LCD Light Fixture
LCD monitors with bad capacitors are easy to repair, but there's nothing you can do about a cracked screen. Instead of simply recycling, broken monitors can be turned into light fixtures.
Here is an overview of the circuitry inside an LCD monitor. This is a 2006 era monitor using cold cathode fluorescent tubes for the backlight. The CCFL inverter board is on the left. On the right is the main video controller. The long PCB at the top with the "Don't Touch" tape is the LCD driver, and the little board at the bottom is for the front panel buttons.
Some monitors will light up indefinitely when powered on, but this one goes into sleep mode without a VGA signal present. Numerous attempts to keep the driver awake failed, so a more direct approach was used.
There are two interesting test points on the controller PCB: "INV_ON/OFF1", and "INV_ADJ1". Looking at the service manual, these seem to be connected to the only two pins controlling the backlight. The manual doesn't go into detail, but a bit of probing with an oscilloscope revealed the secret: on powerup, the "ON/OFF" point goes low, while the "ADJ" point goes high.
These test points were chosen instead of directly connecting to the inverter board because the enable lines are a bit more complex than they seem. Some passive circuitry is used to enable a soft start, minimizing wear on the tubes. Connecting to these points allows the backlight to be controlled by plain CMOS logic levels.
It was then a simple matter of permanently connecting these test points to their respective and negative power rails to enable the backlight. It would be best to cut the traces running to the processor to avoid fighting over the logic levels, but it hardly matters in this case. Even if the controller gets fried, the backlight should still work. In fact, the processor may be disabled entirely to reduce power consumption.
At this point, the ribbon cables for the LCD and the menu buttons can be disconnected.
The LCD itself can be removed at this point. This particular unit suffered a fatal fracture. As seen in the picture, the polarising filters of an LCD absorb more than 50% of the light. Removing them doubles the radiant flux, making for a rather nice luminaire.
LCD monitors typically contain two sheets of diffusive plastic to create a very even backlight. They also serve to redirect light in a vector normal to the surface. This increases the apparent brightness when viewed directly, at the expense of the viewing angle.
When viewed at on oblique angle, the diffusers actually dim the light significantly.

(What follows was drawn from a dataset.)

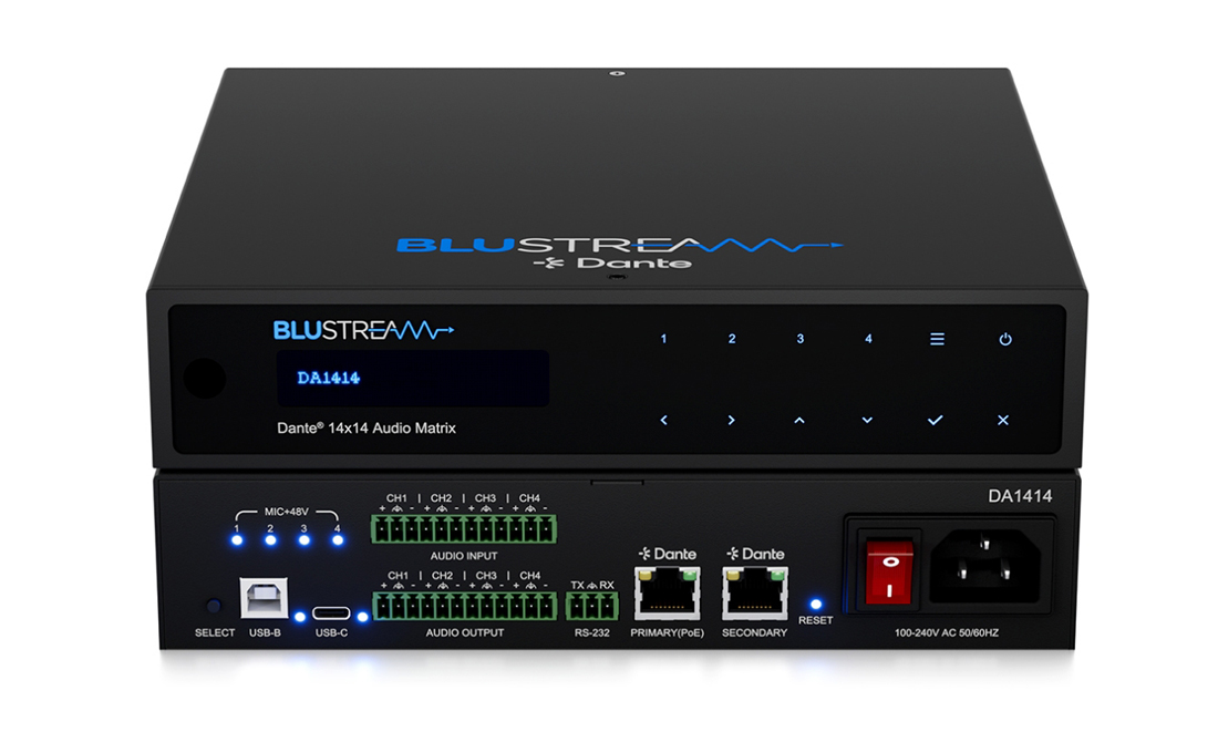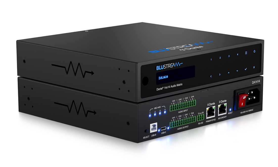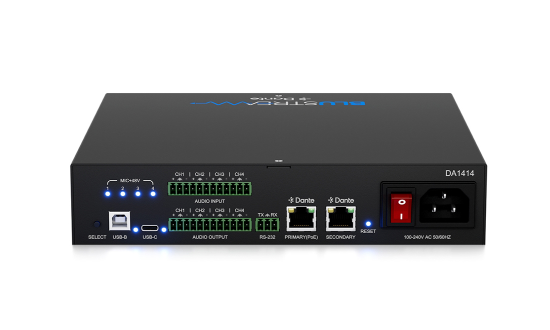 DA1414 je vybavená 8 Dante, 4 symetrickými / nesymetrickými analógovými a 2 USB audio vstupmi a podporuje výstup na 8 Dante, 4 symetrické/nesymetrické analógové a 2 USB kanály. Systém obsahuje funkciu prepínania API, ktorá umožňuje používateľom smerovať Dante kanály prostredníctvom platforiem tretích strán, čím sa obchádza Dante Controller alebo Domain Manager. Analógové vstupy majú tiež voliteľné 48V fantomové napájanie pre mikrofónové alebo linkové pripojenia. Možnosti pripojenia USB-C / USB-B navyše zabezpečujú maximálnu flexibilitu a vyhovujú rôznym systémovým návrhom. DA1414 ponúka pokročilé a zároveň cenovo výhodné riešenie pre bezproblémové smerovanie a ovládanie audio signálov v komerčnom aj rezidenčnom prostredí bez ohľadu na typ zdroja.
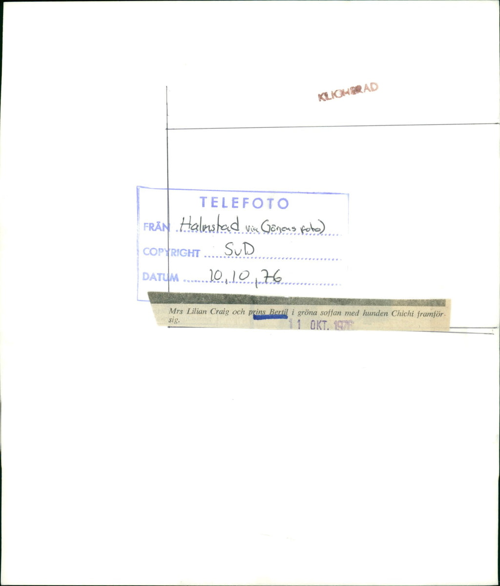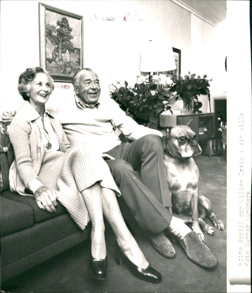 Mrs Lilian Craig (Princess Lilian of Sweden) and Prince Bertil in the green sofa with the dog Chichi in front of him.

This directionality is welcome for making spotlights, but since this is going to be used for an omnidirectional overhead light fixture, the diffusers were removed.
To mount the new light fixture to the ceiling, a plywood bracket was constructed. This particular monitor has a VESA mount which uses four M4 machine screws 75 mm apart.
Here is the light mounted to the open ceiling in my laboratory. The IEC power cord is directly connected to the rest of the ceiling lights. A wood chisel made short work of the manufacturer's logo.
The light is quite bright. It illuminates a dark corner of my lab very well, and has a nice high colour temperature. The datasheet claims to have a brightness of 300 cd/m2.
Given a 16:10 aspect ratio and a 484 mm diagonal, this equates to about 31.58 cd. Doubling this to account for the absent polariser gives about 63.17 cd, or approximately 794 lumens.
Using an uncalibrated antique analogue foot-candle meter gives a reading of 1.2 lm/ft2 added to ambient illumination at a working distance of 126 cm, which equates to about 12.9 lux.
The monitors draws 60 Watts, which equates to a luminous efficacy of 13.23 lumens per Watt. This sounds rather low, but it's the best calculation available without an integrating sphere, or at least a lux meter.